The policy worked through the government subsidization of renewable electricity generated with photovoltaic cells and wind turbines and by burning fuels produced by the fermentation of crops and agricultural waste. It was accelerated in 2011 when Japan’s nuclear disaster in Fukushima led the German government to order that all its nuclear power plants be shut down by 2022.


During the past two decades, the Energiewende has been praised as an innovative miracle that will inexorably lead to a completely green Germany and criticized as an expensive, poorly coordinated overreach. I will merely present the facts.


The initiative has been expensive, and it has made a major difference. In 2000, 6.6 percent of Germany’s electricity came from renewable sources; in 2019, the share reached 41.1 percent. In 2000, Germany had an installed capacity of 121 gigawatts and it generated 577 terawatt-hours, which is 54 percent as much as it theoretically could have done (that is, 54 percent was its capacity factor). In 2019, the country produced just 5 percent more (607 TWh), but its installed capacity was 80 percent higher (218.1 GW) because it now had two generating systems [emphasis added].


The new system, using intermittent power from wind and solar, accounted for 110 GW, nearly 50 percent of all installed capacity in 2019, but operated with a capacity factor of just 20 percent. (That included a mere 10 percent for solar, which is hardly surprising, given that large parts of the country are as cloudy as Seattle.) The old system stood alongside it, almost intact, retaining nearly 85 percent of net generating capacity in 2019. Germany needs to keep the old system in order to meet demand on cloudy and calm days and to produce nearly half of total demand.
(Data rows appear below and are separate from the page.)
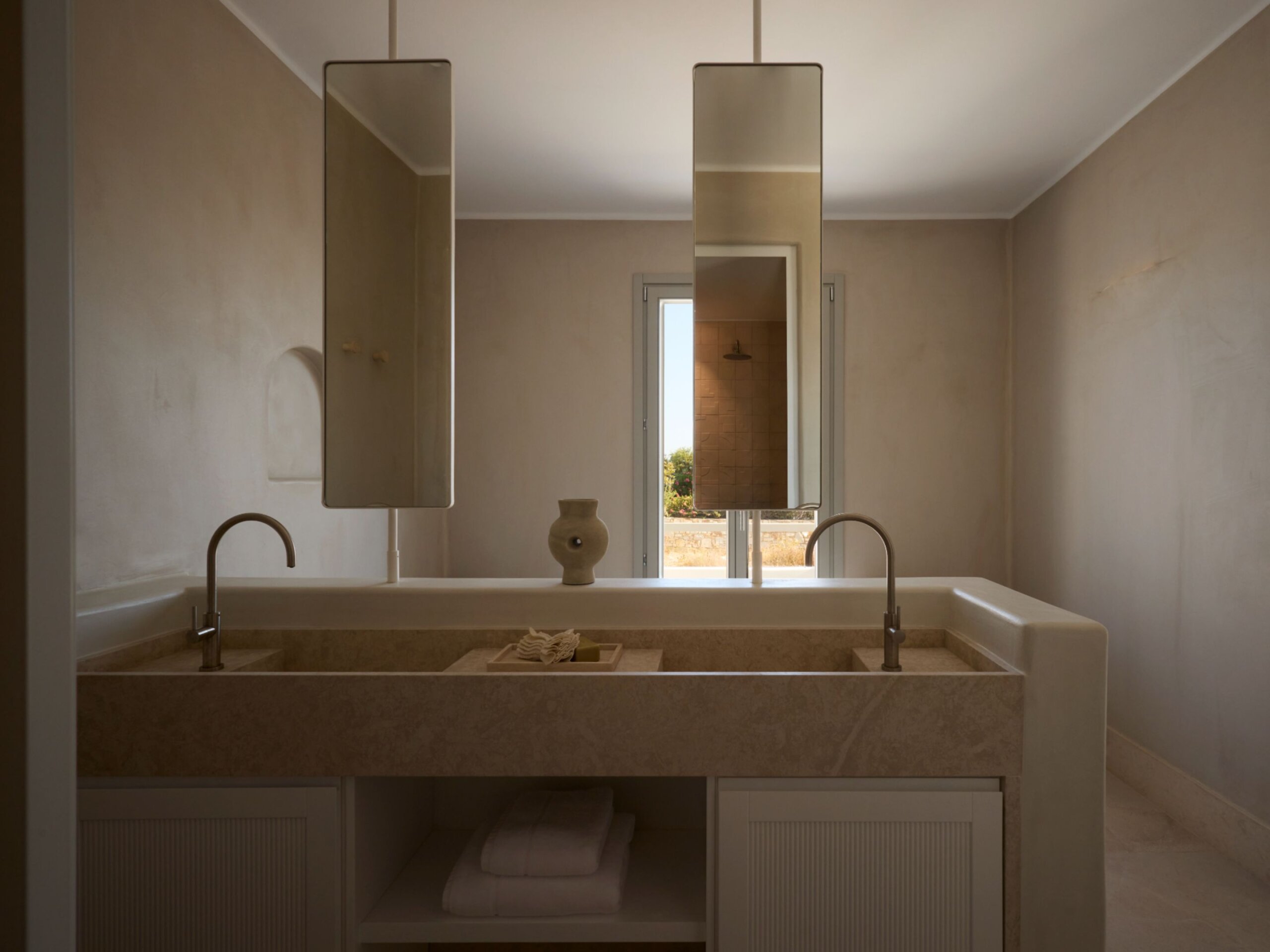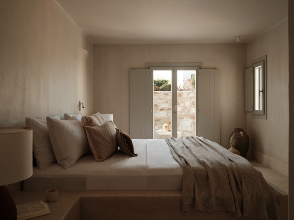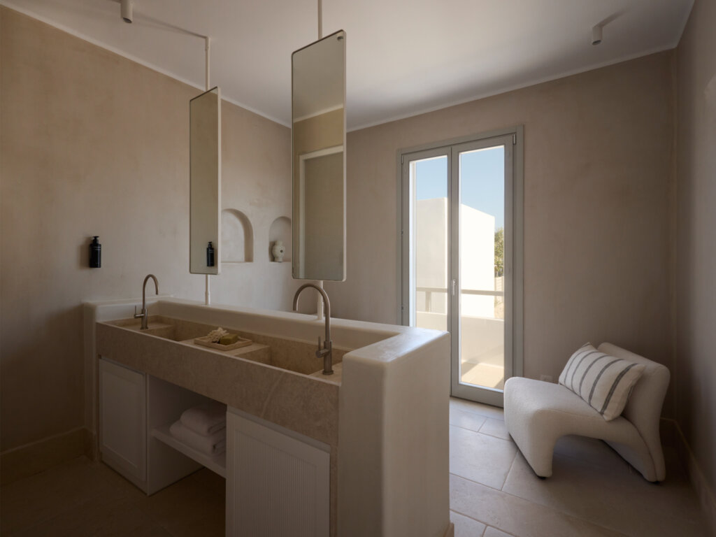 The property combines modern Cycladic architecture with refined minimal design, creating a serene and stylish atmosphere ideal for couples and guests seeking comfort, luxury and privacy.
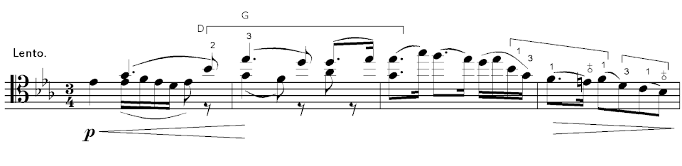 Thema der Sarabande aus der Suite im alten Stil: Dieser langsamste Abschnitt des sechssätzigen Werks gilt aufgrund seiner polyphonen Stimmführung als besonders schwierig auszuführen.
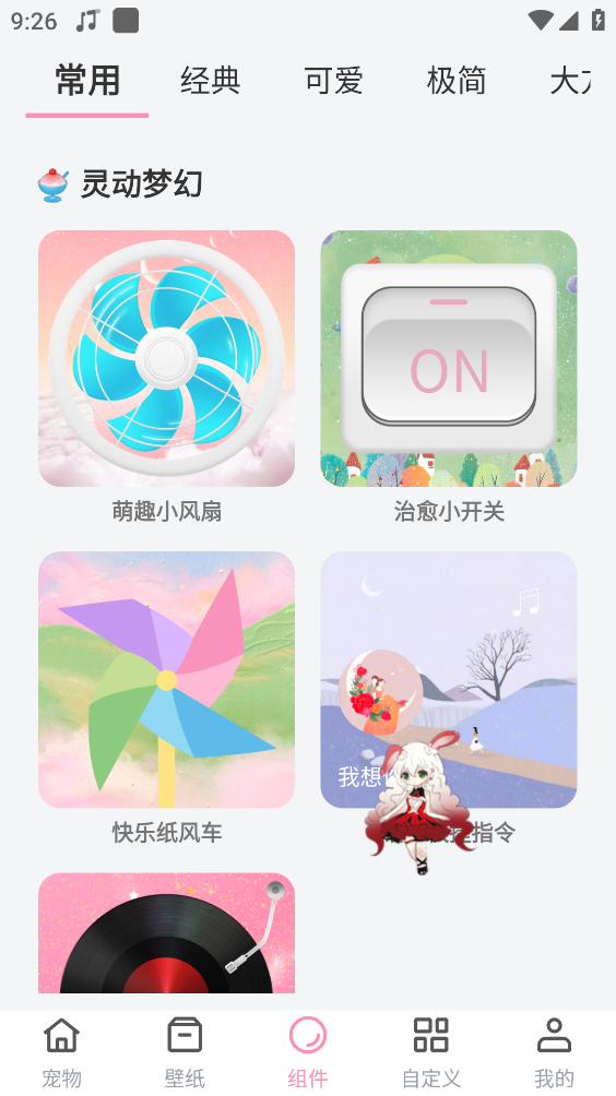 3、萌趣模块,为小组件模块,可直接添加到手机桌面。部分手机需要采用在桌面双指捏合的方式。
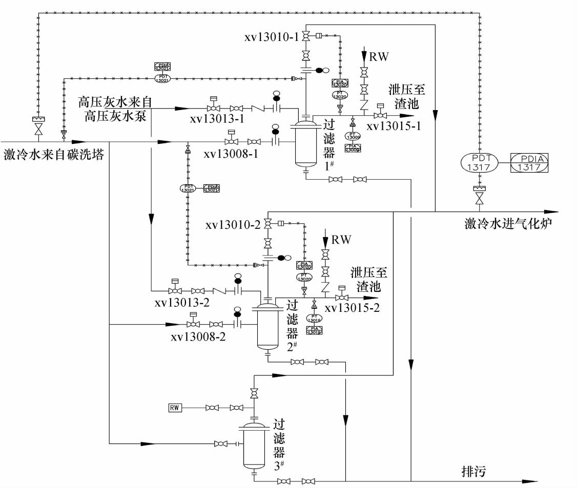煤炭氣化是傳統(tǒng)的煤化工產(chǎn)業(yè),隨著社會(huì)經(jīng)濟(jì)的不斷發(fā)展,它們將進(jìn)一步得到發(fā)展.我公司自主研發(fā)的水煤漿水冷壁氣化爐日處理煤750t,氣化爐采用水冷壁代替耐火磚、燒嘴使用火點(diǎn)火等特點(diǎn)。制得的煤氣中有效氣體(CO+H2)體積分?jǐn)?shù)≥80.7%,碳轉(zhuǎn)化率達(dá)98.0%,噴嘴使用壽命超過(guò)6個(gè)月,含渣黑水大部分循環(huán)使用,少量排放的廢水沒(méi)有揮發(fā)性有機(jī)物,微量金屬的濃度也很低。缺點(diǎn)是管道冷卻水經(jīng)過(guò)手動(dòng)工業(yè)濾水器+手動(dòng)排污濾水器進(jìn)入氣化爐,管道冷卻水中的大量灰渣沉積在手動(dòng)工業(yè)濾水器+手動(dòng)排污濾水器底部,而這些灰渣只有在停車的時(shí)候才可以清理。如果系統(tǒng)運(yùn)行時(shí)間過(guò)長(zhǎng),灰渣得不到清理,管道冷卻水水質(zhì)變差,對(duì)激冷環(huán)的磨損加劇,同時(shí)管道冷卻水中攜帶的灰渣容易堵塞激冷環(huán)下降孔,破壞下降管水膜,嚴(yán)重時(shí)可燒壞下降管,引起事故發(fā)生。為了克服水煤漿氣化工藝連續(xù)運(yùn)行時(shí)不能對(duì)手動(dòng)工業(yè)濾水器+手動(dòng)排污濾水器進(jìn)行清灰這一不足,本方案在原有工藝基礎(chǔ)上新增加一臺(tái)手動(dòng)工業(yè)濾水器+手動(dòng)排污濾水器,共3臺(tái)手動(dòng)工業(yè)濾水器+手動(dòng)排污濾水器,兩開(kāi)一備,輪流進(jìn)行清灰。
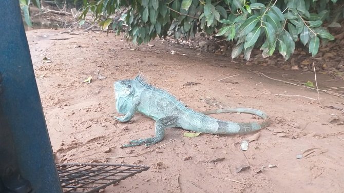 Uma moradora, de 65 anos, acionou os Policiais Militares Ambientais de Coxim, em virtude do surgimento na noite de segfunda-feira (15), de um animal silvestre da espécie Iguana iguana (iguana-verde) no quintal de sua residência.

In consequence, the capacity factor of this sector is also low.


It costs Germany a great deal to maintain such an excess of installed power. The average cost of electricity for German households has doubled since 2000. By 2019, households had to pay 34 U.S. cents per kilowatt-hour, compared to 22 cents per kilowatt-hour in France and 13 cents in the United States.





We can measure just how far the Energiewende has pushed Germany toward the ultimate goal of decarbonization. In 2000, the country derived nearly 84 percent of its total primary energy from fossil fuels; this share fell to about 78 percent in 2019. If continued, this rate of decline would leave fossil fuels still providing nearly 70 percent of the country’s primary energy supply in 2050.


Meanwhile, during the same 20-year period, the United States reduced the share of fossil fuels in its primary energy consumption from 85.7 percent to 80 percent, cutting almost exactly as much as Germany did. The conclusion is as surprising as it is indisputable. Without anything like the expensive, target-mandated Energiewende, the United States has decarbonized at least as fast as Germany, the supposed poster child of emerging greenness.













The Historic Carbon Emissions Decline


In the seven years since 2005 energy related carbon emissions in the United States have fallen by 12%.

This decline has brought the US back to an emissions level not seen since 1994, putting it on course to achieving its target of a 17% cut on 2005 levels by 2020.



American Footprints Lowest in 50 Years


If we look at the same carbon emissions in per capita terms the recent decline looks even more impressive. Not since 1963 have average carbon emissions per person been so low in the United States.